Often I would go for long walks on the west side of town, where the residential areas thinned into small wooded mountains, bamboo groves, and winding country roads. That’s where I discovered Touzen-ji, the Zen Buddhist Temple that became my second home in Ichinomiya. About once a week I would visit to study and write in the temple’s main hall, and to have dinner with the monk and his family afterward.
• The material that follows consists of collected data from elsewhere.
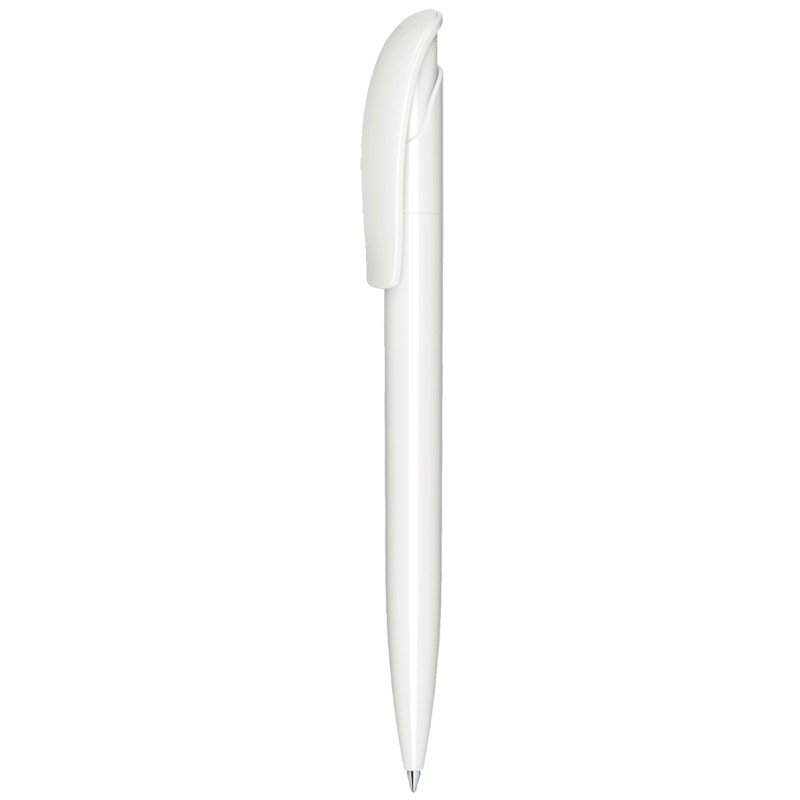 Stylo à bille rétractable avec corps et clip en plastique opaque brillant.
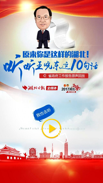 1月15日上午,湖北省第十二届人大五次会议在武昌洪山礼堂隆重开幕。代省长王晓东向大会作政府工作报告。报告分为2016年工作回顾、2017年工作重点、着力建设人民满意政府三个部分。快来听听王晓东同志的报告原声吧!
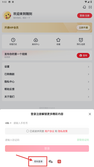 3、在登录方式选择中,点击密码登录选项,进入密码登录页。
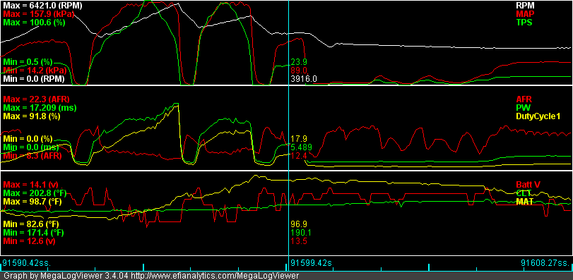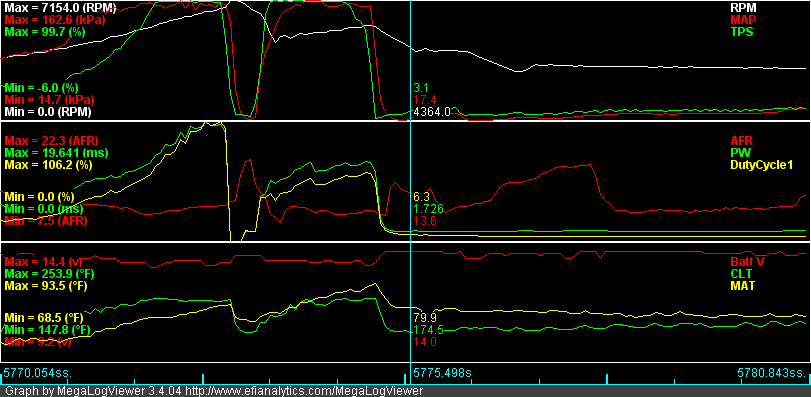 Right smack dab in the middle, you can see the CLT/MAT climb. Great, it's boosting, getting hot -- normal. Uhoh, getting close to CEL time. Running out of revs, shift ....

Long conversations followed late into the evening, spanning current events, history, philosophy, religion, speculation about where this wild 21st Century is taking us… Much of my improvement in the Japanese language, and my ability to talk about a breadth of topics, developed there at Touzen-ji.
As for my workplaces—at both the elementary and junior high schools where I taught, I was blessed with some of the best coworkers I’ve ever known. Tomo and Akiko both deserve a shout-out here, and if they are reading this they know why. As far as my students are concerned, I loved being their sensei, and if those lively, delightful, spirited little monsters are the future of Ichinomiya, then I predict the town has some of its best years ahead of it.
Never did I expect, on first joining the JET Programme and moving to Ichinomiya, that I would end up choosing to spend a half-decade in this place. I am glad and grateful to have been a part of this beautiful community, this little special corner of the world. In my final week, as I made my farewells to Mayor Mabuchi and Aino the superintendent, Aino-sensei gave me that grandfatherly look I’ve come to know well and said, “Just as you have an original hometown in America, Ichinomiya is your hometown in Japan.” I have to say he’s right.